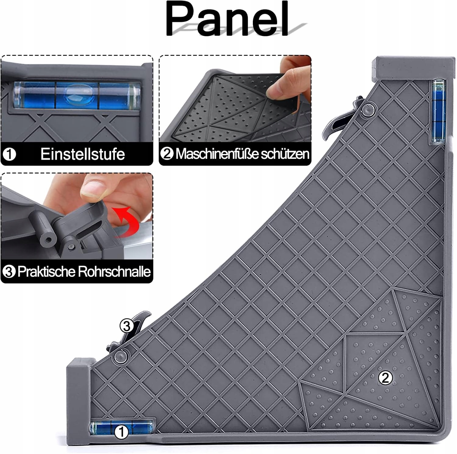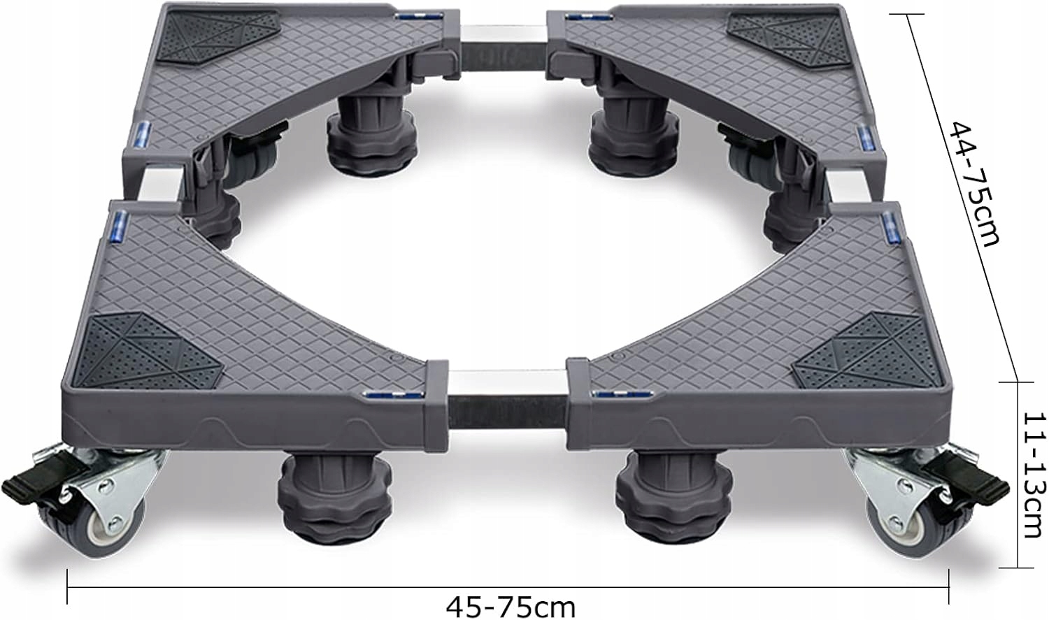 8 ніг з можливістю індивідуального коригування висоти (10-13 см). Основа може бути гнучко регульована для забезпечення хорошої стабільності. Підходить для всіх побутових приладів різної висоти.
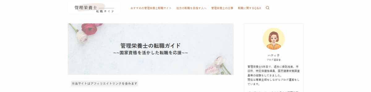 「管理栄養士の転職ガイド」は、管理栄養士として5回の転職を経験した筆者が運営する、管理栄養士の転職に特化した情報サイトです。国家資格を活かした転職を支援することを目的としています。病院、行政、老人施設、食品メーカー、保育園など職場別の仕事内容を詳しく解説し、各職場の特徴やQ&Aをまとめています。
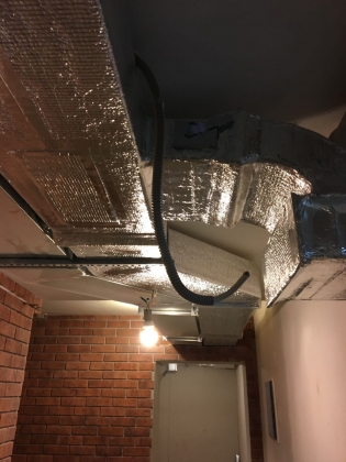 Приточный воздуховод теплоизолирован для уменьшения тепловых потерь.
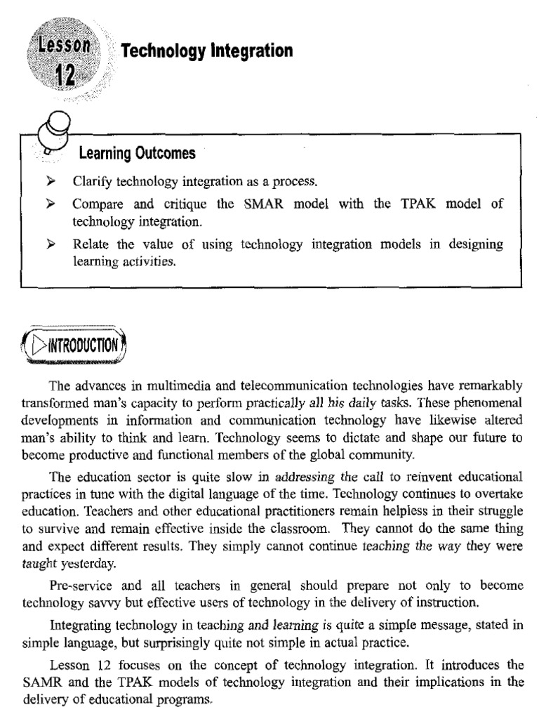 Lesson 12 focuses on the concept of technology integration. It introduces the
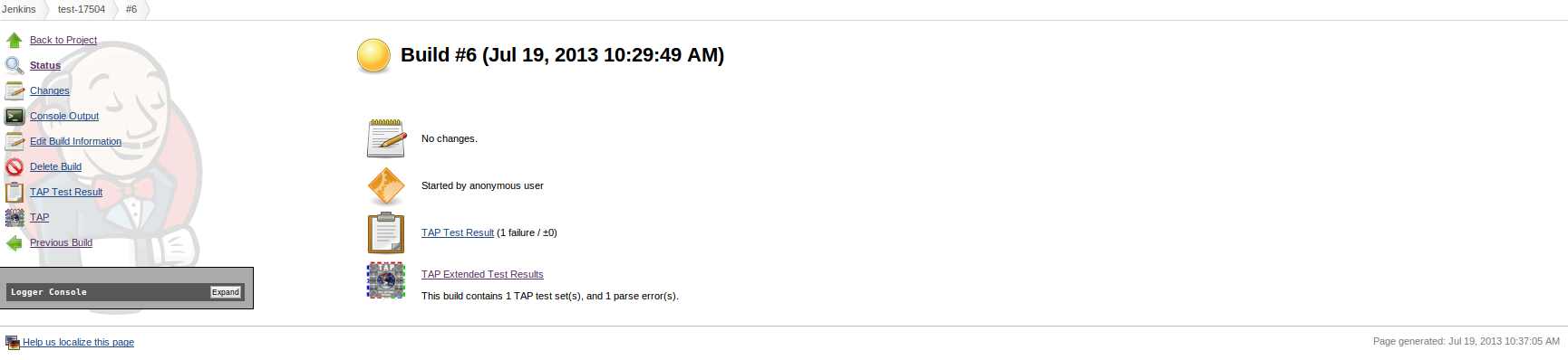 As you can see, there are way more tests failing than the 1 test that the TAP plugin lists in "TAP Test Result (1 failure / ±0)" on the same page.
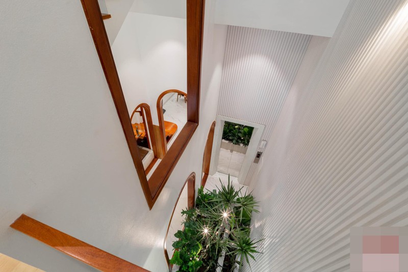 Khoảng thông tầng nhìn từ giếng trời và tầng 2 xuống.
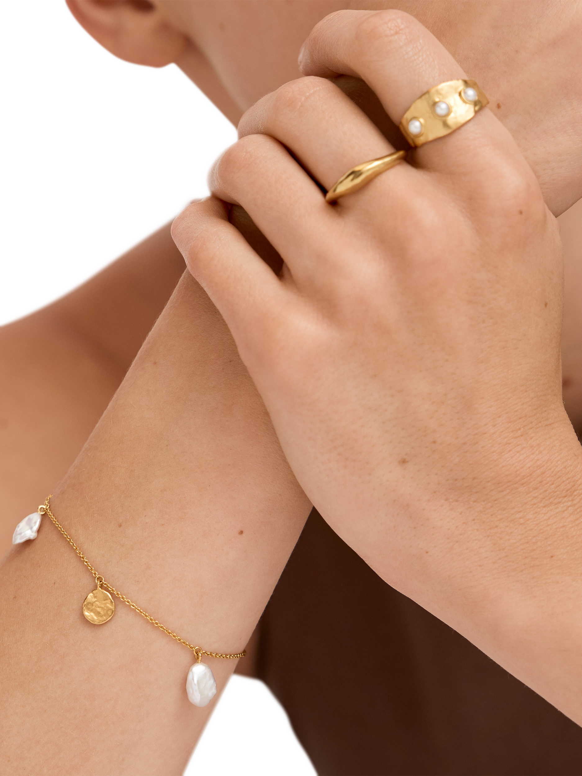Proof you don't need to be in Italy, to be in Italy. This hammered ring is crafted in 18k gold vermeil with a trio of button pearls.
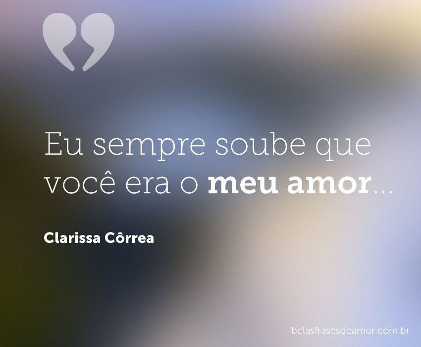 Eu sempre soube que você era o meu amor. De alguma estranha forma eu já sabia. Assim que te vi alguma coisa em mim mudou. Meu sorriso, meu jeito de mexer no cabelo, minha forma de olhar a vida. Quando a sua mão tocou meus dedos um sentimento tranquilo invadiu o meu peito. Esse mesmo sentimento du...
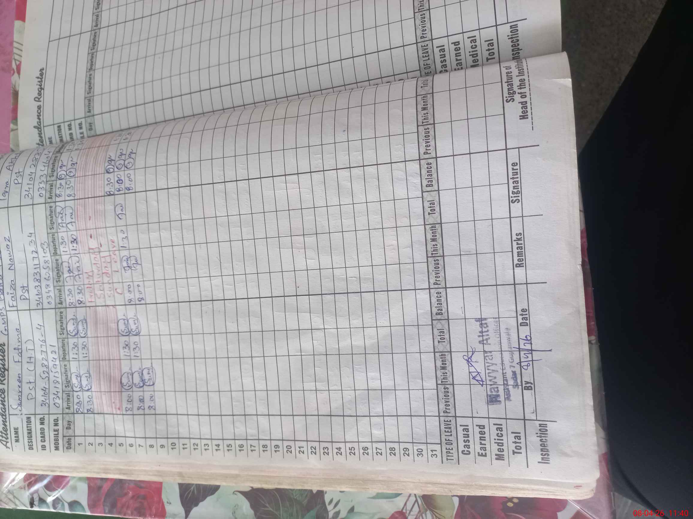 | Name: Sa**** Designation: (School Headmaster's/Headmistress's) PST/PTC/JV Phone/Cell Number: 03**** |
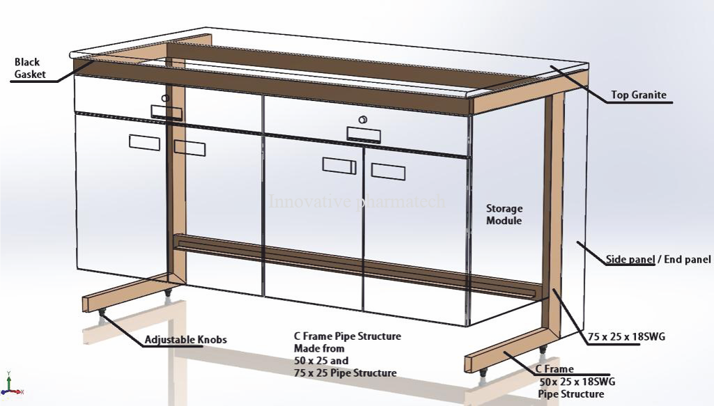 C-frame Lab Furniture System are the modern lab furniture architecture. Based on a cantilevered design, C-frame systems do not need legs for support. Innovative inc from offers you a wide range of C-Frame systems for every need. innovative inc C-Frame systems are highly flexible and adaptable to changing demands of the lab. They are relatively easy to shift and allow for easy portability of the under bench cabinets. Innovative inc also offers you a high load bearing capacity. Additionally, they also offer you easy access to the rear ducts, so that utility line maintenance is simple and stress free. The Innovative inc range has C-frame systems for both standing (900 mm) and sitting height (750 mm).
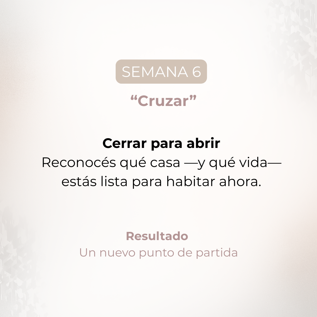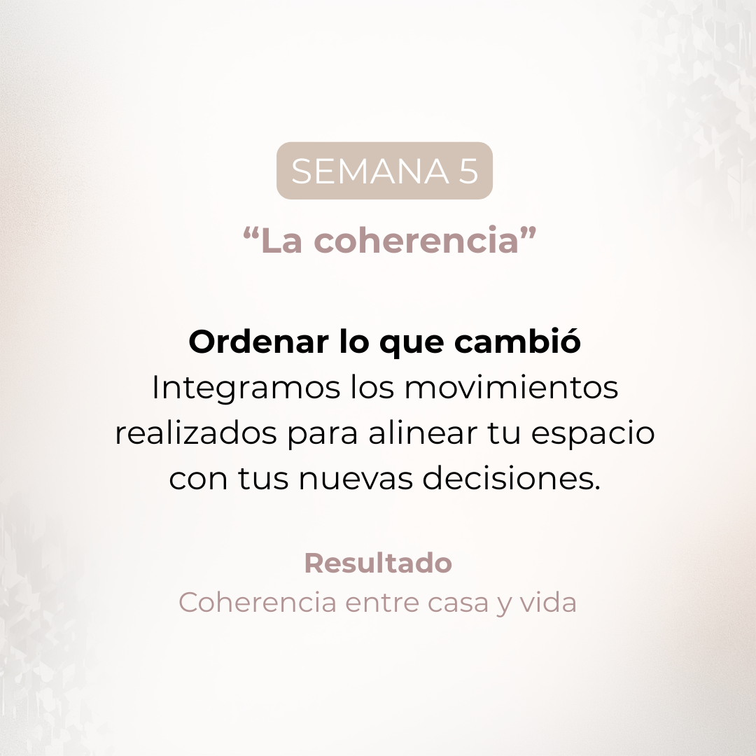 Un encuentro de onboarding individual de 30 minutos conmigo, donde revisaremos algunos datos de tu casa y de tu momento vital para preparar el proceso.
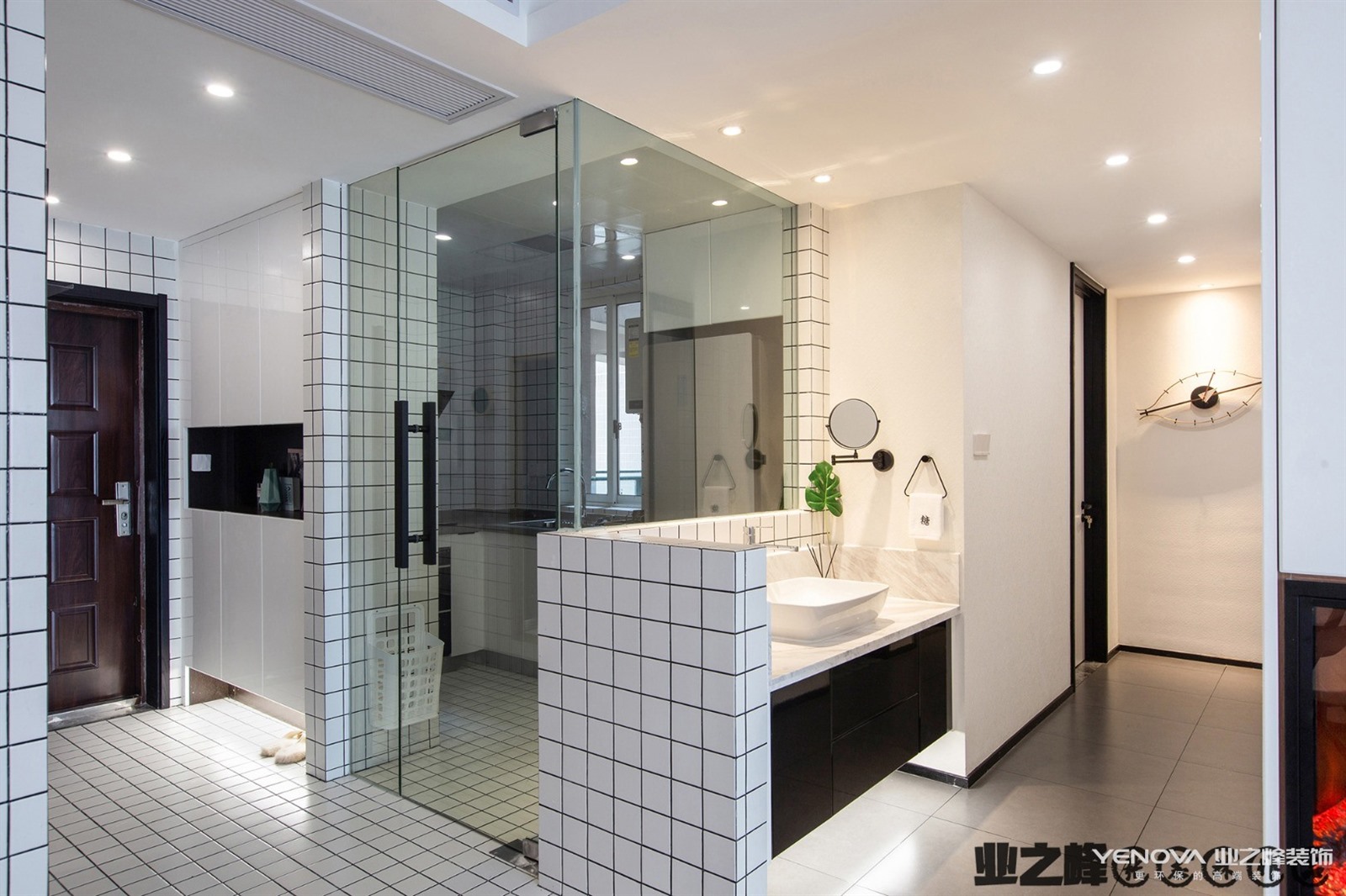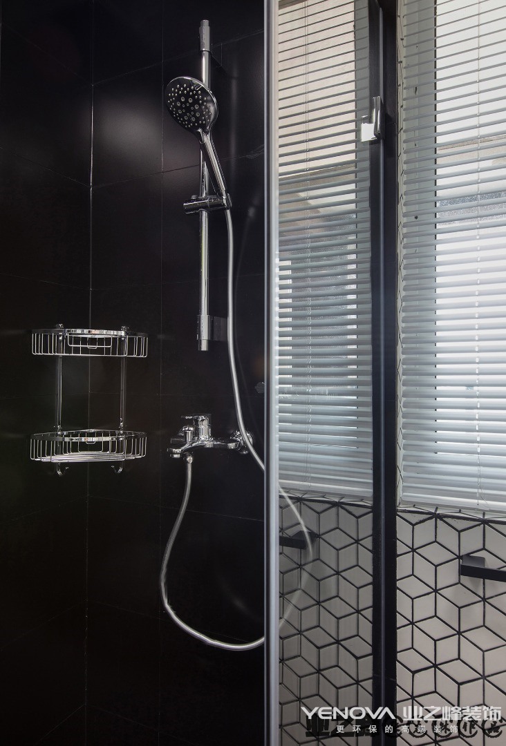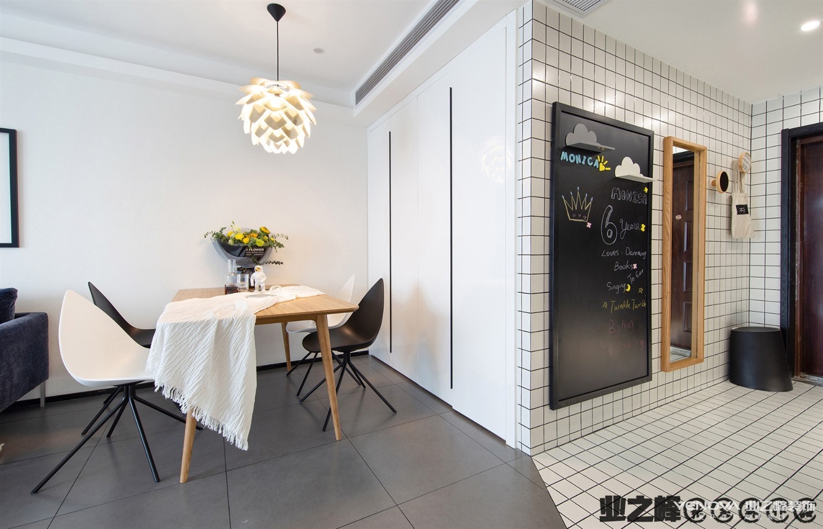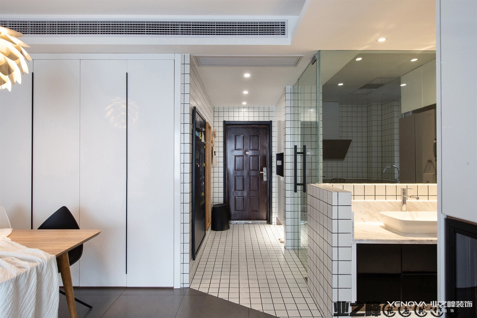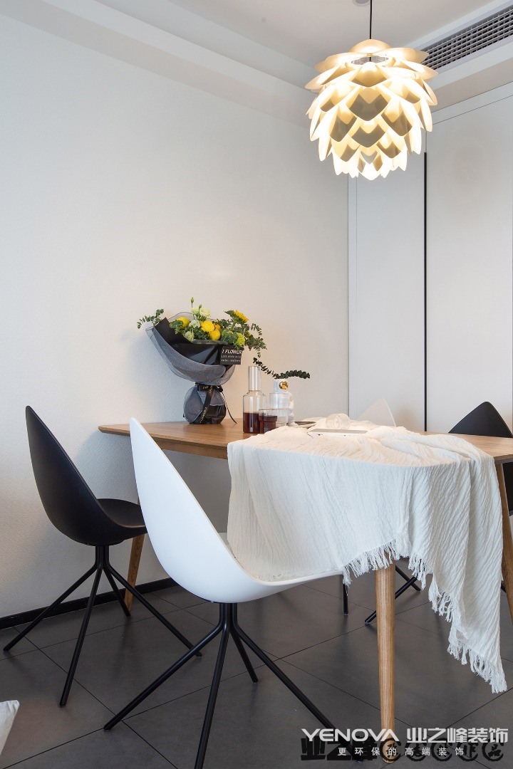 生活区不大,以极简主义风格设计为主。客厅、餐厅、厨房没有隔断,模糊的界限构成。吊灯的设计前卫、艺术感十足。黑色的橱柜与白色墙体形成鲜明对比。主卫使用大理石瓷砖铺贴,搭配黑色洗漱台、白色洁具、时尚的灯带的设计,简约、实用。
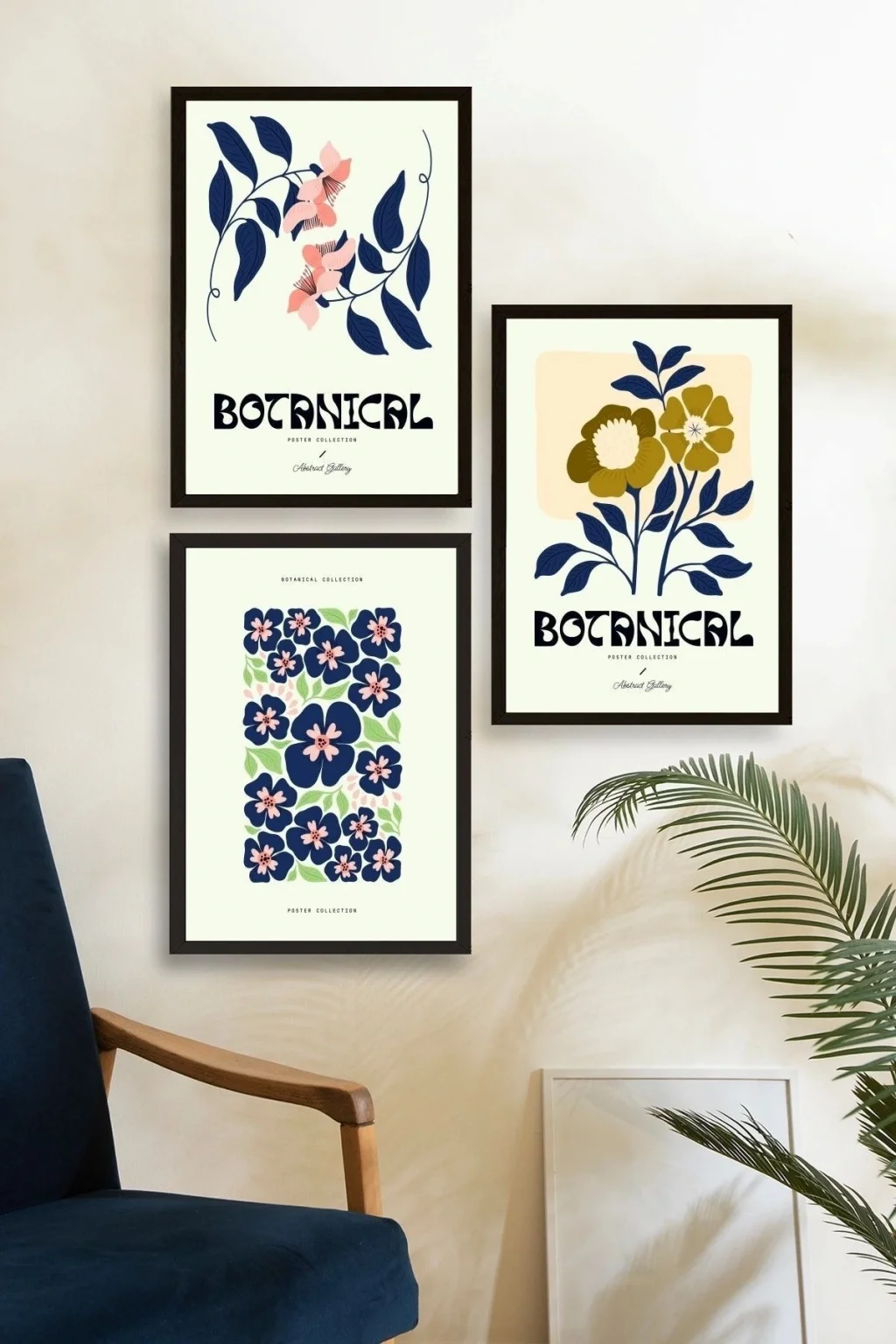 Botanik Üçlü Ahşap Çerçeveli Tablo

········

Action item
A word-for-word restatement of all the lines above is needed, with the pictures omitted.

Completed task
 8 ніг з можливістю індивідуального коригування висоти (10-13 см). Основа може бути гнучко регульована для забезпечення хорошої стабільності. Підходить для всіх побутових приладів різної висоти.
 「管理栄養士の転職ガイド」は、管理栄養士として5回の転職を経験した筆者が運営する、管理栄養士の転職に特化した情報サイトです。国家資格を活かした転職を支援することを目的としています。病院、行政、老人施設、食品メーカー、保育園など職場別の仕事内容を詳しく解説し、各職場の特徴やQ&Aをまとめています。
 Приточный воздуховод теплоизолирован для уменьшения тепловых потерь.
 Lesson 12 focuses on the concept of technology integration. It introduces the
 As you can see, there are way more tests failing than the 1 test that the TAP plugin lists in "TAP Test Result (1 failure / ±0)" on the same page.
 Khoảng thông tầng nhìn từ giếng trời và tầng 2 xuống.
Proof you don't need to be in Italy, to be in Italy. This hammered ring is crafted in 18k gold vermeil with a trio of button pearls.
 Eu sempre soube que você era o meu amor. De alguma estranha forma eu já sabia. Assim que te vi alguma coisa em mim mudou. Meu sorriso, meu jeito de mexer no cabelo, minha forma de olhar a vida. Quando a sua mão tocou meus dedos um sentimento tranquilo invadiu o meu peito. Esse mesmo sentimento du...
 | Name: Sa**** Designation: (School Headmaster's/Headmistress's) PST/PTC/JV Phone/Cell Number: 03**** |
 C-frame Lab Furniture System are the modern lab furniture architecture. Based on a cantilevered design, C-frame systems do not need legs for support. Innovative inc from offers you a wide range of C-Frame systems for every need. innovative inc C-Frame systems are highly flexible and adaptable to changing demands of the lab. They are relatively easy to shift and allow for easy portability of the under bench cabinets. Innovative inc also offers you a high load bearing capacity. Additionally, they also offer you easy access to the rear ducts, so that utility line maintenance is simple and stress free. The Innovative inc range has C-frame systems for both standing (900 mm) and sitting height (750 mm).
 Un encuentro de onboarding individual de 30 minutos conmigo, donde revisaremos algunos datos de tu casa y de tu momento vital para preparar el proceso.
 生活区不大,以极简主义风格设计为主。客厅、餐厅、厨房没有隔断,模糊的界限构成。吊灯的设计前卫、艺术感十足。黑色的橱柜与白色墙体形成鲜明对比。主卫使用大理石瓷砖铺贴,搭配黑色洗漱台、白色洁具、时尚的灯带的设计,简约、实用。
 Botanik Üçlü Ahşap Çerçeveli Tablo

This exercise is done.